Thursday, June 26, 2008

4th amendment woes

Well, first we have Obama saying he won't back a filibuster of the new FISA bill, when he said he would.

Word is coming out that Blue State Digital, a company directly responsible for helping Obama raise funds, has ties with AT&T, one of the companies that the FISA bill would protect.

And now we have Senator Russ Feingold discussing the searching of laptops of Americans who are coming back from overseas.

What exactly is happening in this country?

Seems to me that politicians we're supposed to be trusting are compromising our civil liberties. Democrats are being forced to pass bills because it's an election year. Bush is using his last few months to leverage his all encompassing plan to send America into the shitter, his final Presidential legacy plans.

Obama is in a tough situation. Does he kow-tow until he's President? Or does he take a stand and then get the shit kicked out of him by Republicans who say he's soft on terror and the security of the nation? If he does the latter, he's got to sit there and take it as the citizens of this country get screwed over by a dictator president.

Disgusting.

1 comment:

Da Old Man said...

John, a great academic scholar/historian posted something today about legislators pumping out laws. It doesn't fit exactly what you wrote, but it is along the same lines: laws passed in knee jerk reactions to whatever is the hot topic of the day:

"I'm of the feeling that we have enough laws. New ones almost always benefit 2 people--lawyers and criminals.

I'm not that familiar with Jessica's Law, but am very familiar with Megan's Law. Even did an in class speech against it in college. Kind of funny because when the teacher heard my topic, he winced. He had heard dozens of speeches in favor. Afterwards, he told me he never heard anyone against it, and I scored an A+.

Megan's Law, in a nutshell, is the one where if a predator is in the neighborhood, neighbors have to be notified.

On the surface it sounds terrific, but here's the catch that makes lawyers rich (you did know the legislature is composed mainly of lawyers.) After a criminal is assessed, and assigned a risk number (the number determines whether or not the criminal has to notify neighbors or police) the criminal can hire an attorney to have this number downgraded.

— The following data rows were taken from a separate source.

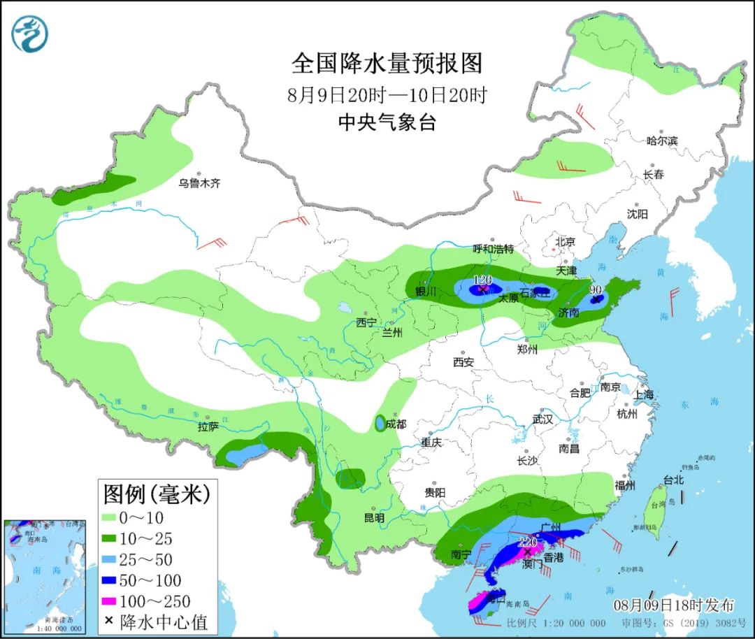 中央气象台9日18时继续发布暴雨蓝色预警,预计9日20时至10日20时,广东中南部、海南岛、广西东部、陕西北部、山西中部、山东中部等地有大雨或暴雨,其中,广东西南部、海南岛西北部、陕西北部、山西中部等地的部分地区有大暴雨。
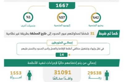 أسفرت الحملات الميدانية المشتركة لمتابعة وضبط مخالفي أنظمة الإقامة والعمل وأمن الحدود، التي تمت في مناطق المملكة كافة، وذلك للفترة...
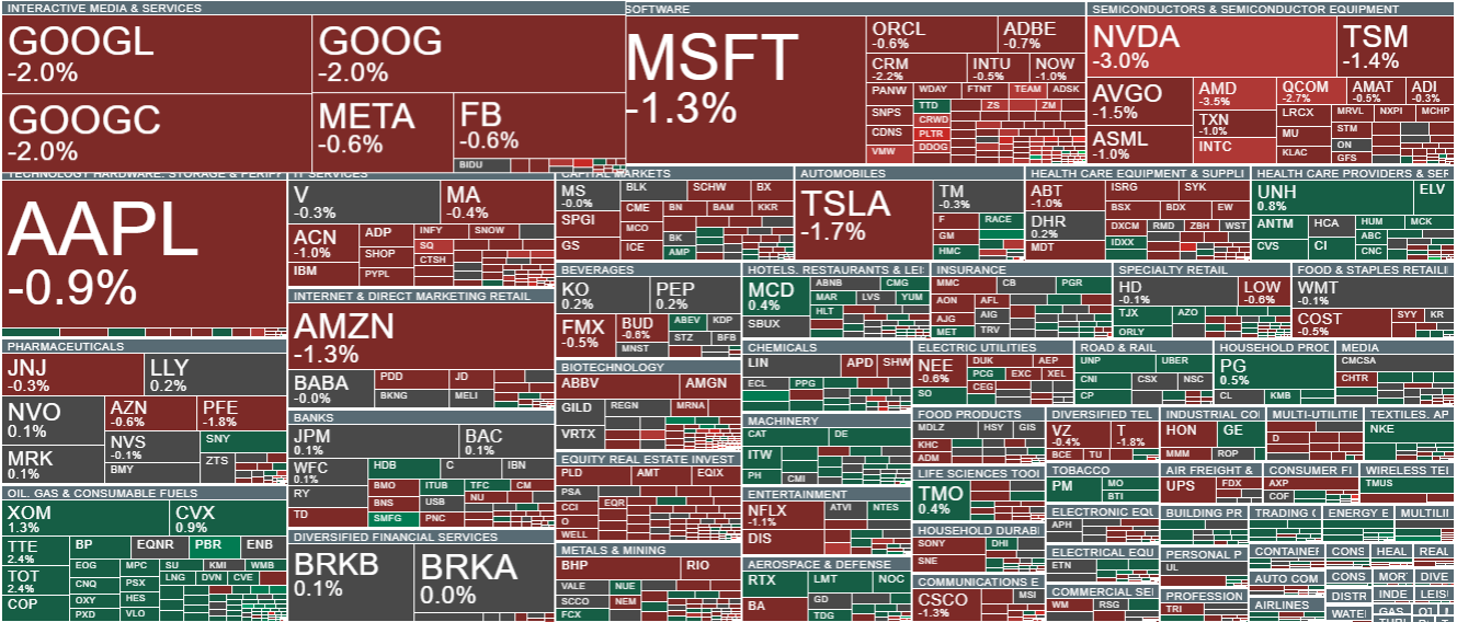 Acciones del índice S&P 500 clasificadas por sector e industria. El tamaño representa la capitalización de mercado. Los sectores con mejor desempeño son Oil&Gas, Machiner y Chemical, por otro lado está el sector de servicios y medios interactivos. Fuente: xStation5
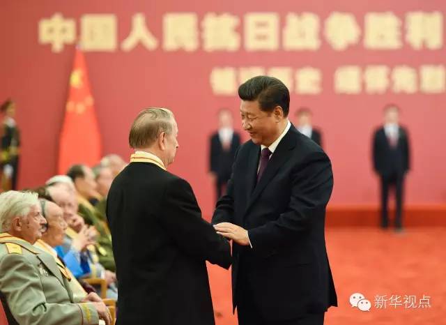2015年9月2日,習(xí)近平在北京人民大會(huì)堂向30名抗戰(zhàn)老戰(zhàn)士老同志、抗戰(zhàn)將領(lǐng)、幫助和支持中國抗戰(zhàn)的國際友人或其遺屬代表頒發(fā)中國人民抗日戰(zhàn)爭(zhēng)勝利70周年紀(jì)念章并發(fā)表重要講話。新華社記者 謝環(huán)馳攝
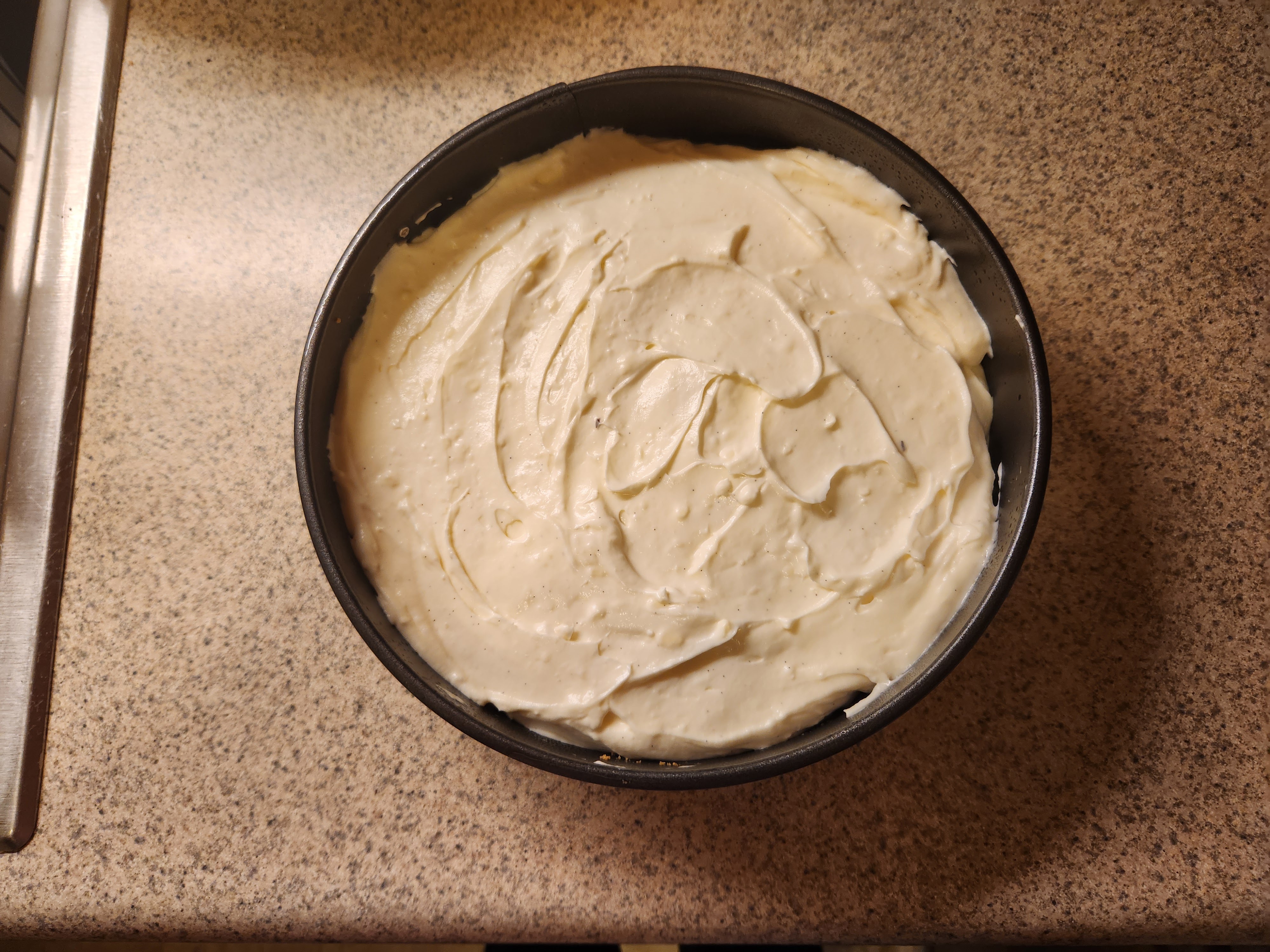 Hello everyone. Friday I made Cheesecake. It came out great. This was the first time I tried this recipe. It was a no bake cheesecake. It had vanilla extract and vanilla bean in it. It was creamy without being too rich or too heavy. I also served strawberry sauce with it. Here is a photo:
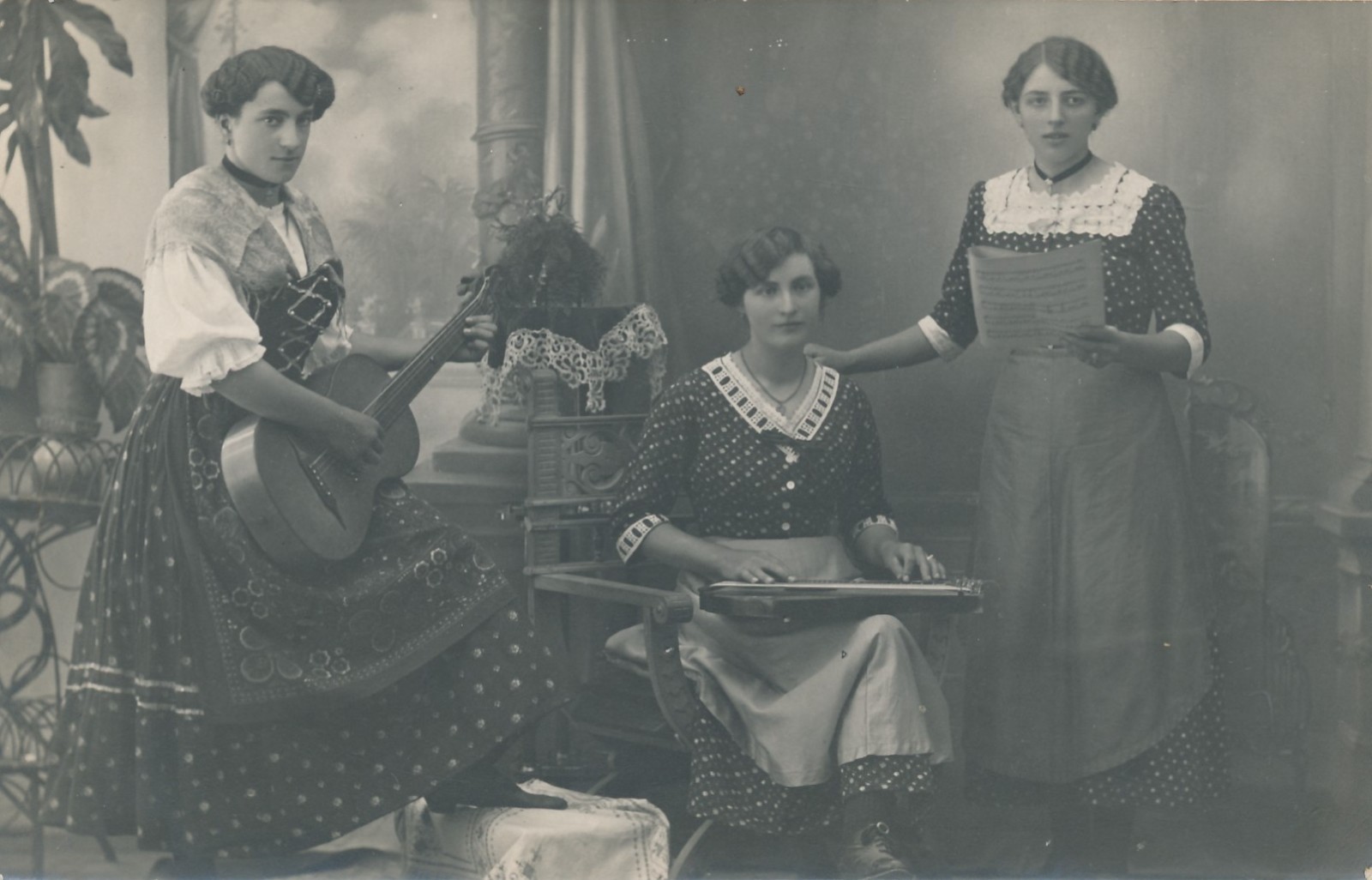 AK von drei Frauen mit Gitarre Annodazumals Ansichtskarte (15435)

Win-win for the lawyer and criminal, not so good for the neighborhood.

It is too early to tell how the lawyers will distort Jessica's Law to its advantage, but the Congressman/attorney speaking did say what he, or any slimy lawyer will do. That is, they will do anything to win.

I looked up Jessica's law, and basically, it has mandatory penalties for rape against children.

As heinous as this crime seems, don't we already have laws against this?

Yes, we do. Plenty of them. What we don't need, and we seem to get, are knee jerk reactions to crime. This almost always leads to further problems. And, surprise, it always leads to more money for lawyers.

Did I mention that most legislators are lawyers?"